- Shell 100%
Qwen3.6-MoE-35B-A3B Local Inference Server
Local deployment of the Carnice-Qwen3.6-MoE-35B-A3B model using llama.cpp with GPU acceleration, optimized for different use cases (coding, RAG, uncensored).
Overview
This project provides Docker-based inference servers for the Qwen3.6-MoE-35B-A3B model, running on NVIDIA GPUs via llama.cpp.
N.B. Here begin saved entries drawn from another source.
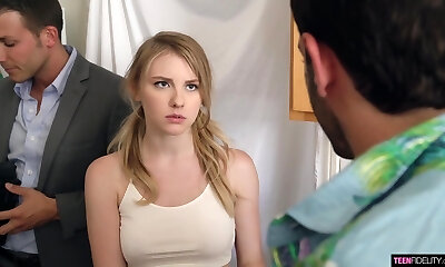 Fair haired filthy teen with pigtails blows smelly penis of her older professor
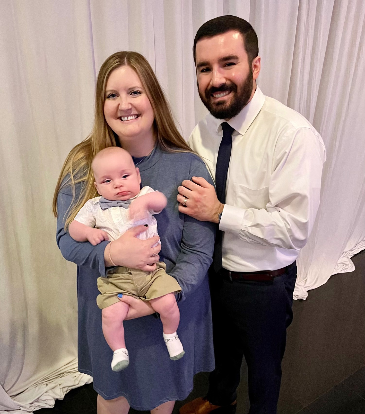 The first two pictures are at the church. The last one is of our little family at the luncheon! Oliver usually smiles, but he wasn’t in the mood at this time lol.
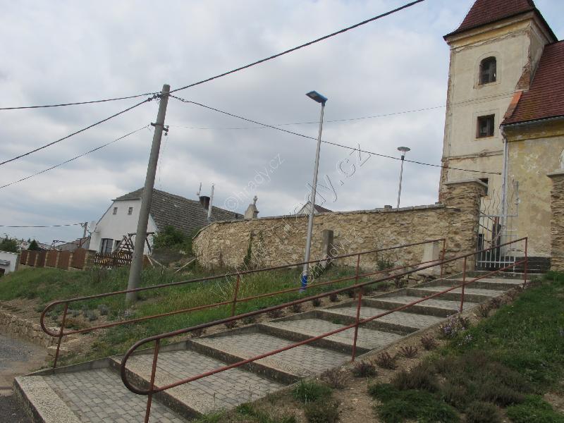 Pohled na místo tvrziště s dnešním kostelem od západu
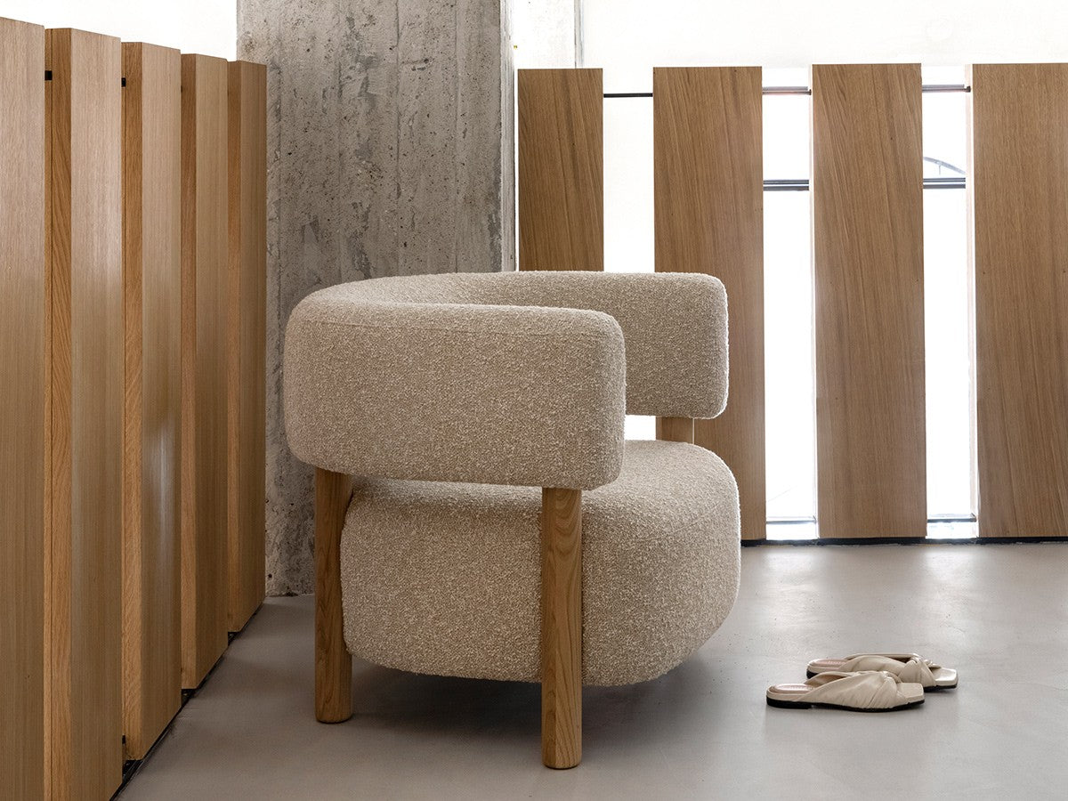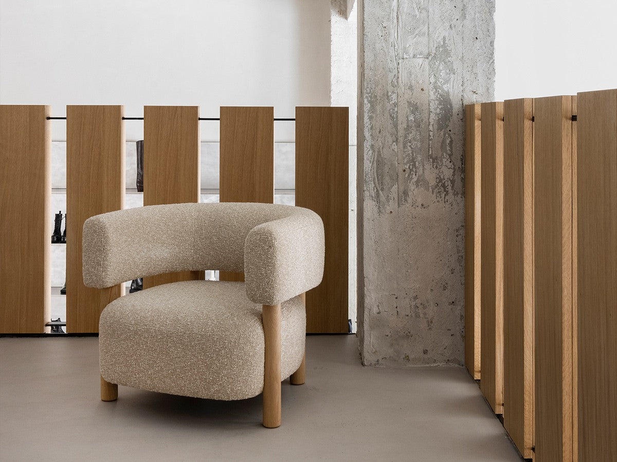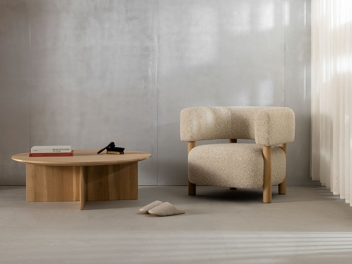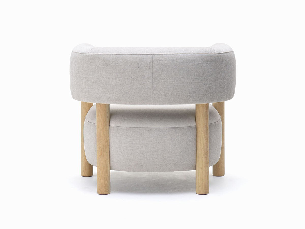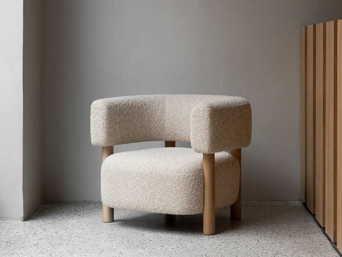 低めで柔らかく有機的な形状が、人の集まるにぎやかな部屋でも静謐で安心できる雰囲気をもたらすソファ。ロータイプのバックレストと有機的なシェイプが生み出すエレガントな快適さが、空間の大小や目的を選ばず、幅広いインテリアにマッチします。柔らかい張地のシートと無垢材で作られた円筒形の脚に支えられたバックレストの構成は、方向を制限せず、暖かい気配をもたらすデザインを実現しています。本コレクションは、コペンハーゲンの中心部に位置する、シューズブランド「ノータベネ」のフラッグシップストアに設えるため、ノーム・アーキテクツによってデザインされました。洗練された日本の家具製造技術が空間に入ることで、靴製造のプロセスの細やかさや精密さが強調されています。
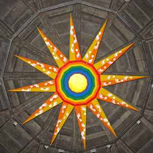 Einen Traum habe auch ich mit euch zusammen verwirklichen können. Hier in unserer Auferstehungskirche ist mir lange schon die besondere Gestaltung der grauen Betondecke aufgefallen. Oben in der Mitte laufen die Rippen zusammen wie die Strahlen einer Sonne. Lange schon hatte ich daran gedacht, diese Mitte einmal zum Leuchten zu bringen. Mit dem großen, von euch gestalteten Stern ist heute dieser Traum erfüllt.

Multiple configurations are available for different workflows:
| Configuration | Description |
|---|---|
docker-compose_Qwen3.6_Tools_RAG_faehig.yml |
RAG-optimized with long context support (default) |
docker-compose_Qwen3.6_Tools_coding.yml |
Coding-focused with tuned sampling parameters |
docker-compose_Qwen3.6_Qwopus3.6_coding.yml |
Qwopus3.6 coding variant with multimodal support |
docker-compose_Qwen3.6_Uncensored.yml |
Uncensored variant for unrestricted use |
docker-compose_Qwen3.6_Uncensored_RAG_faehig.yml |
Uncensored + RAG support |
Model: Carnice-Qwen3.6-MoE-35B-A3B-Q4_K_M.gguf (standard)
Qwopus Model: Qwopus3.6-35B-A3B-v1-Q4_K_M.gguf (multimodal, requires mmproj)
Uncensored Model: Qwen3.6-35B-A3B-Uncensored-HauhauCS-Aggressive-Q4_K_M.gguf
Image: ghcr.io/ggml-org/llama.cpp:server-cuda
API Endpoint: http://localhost:8000/v1/chat/completions
Architecture
MCP-Server ←──┐
Extensions ←──┤
AGENTS.md ←─┤ Pi ──→ llama-cpp Docker ──→ GPU
Dateien ←──┘ (API-Request mit System-Prompt + Tools)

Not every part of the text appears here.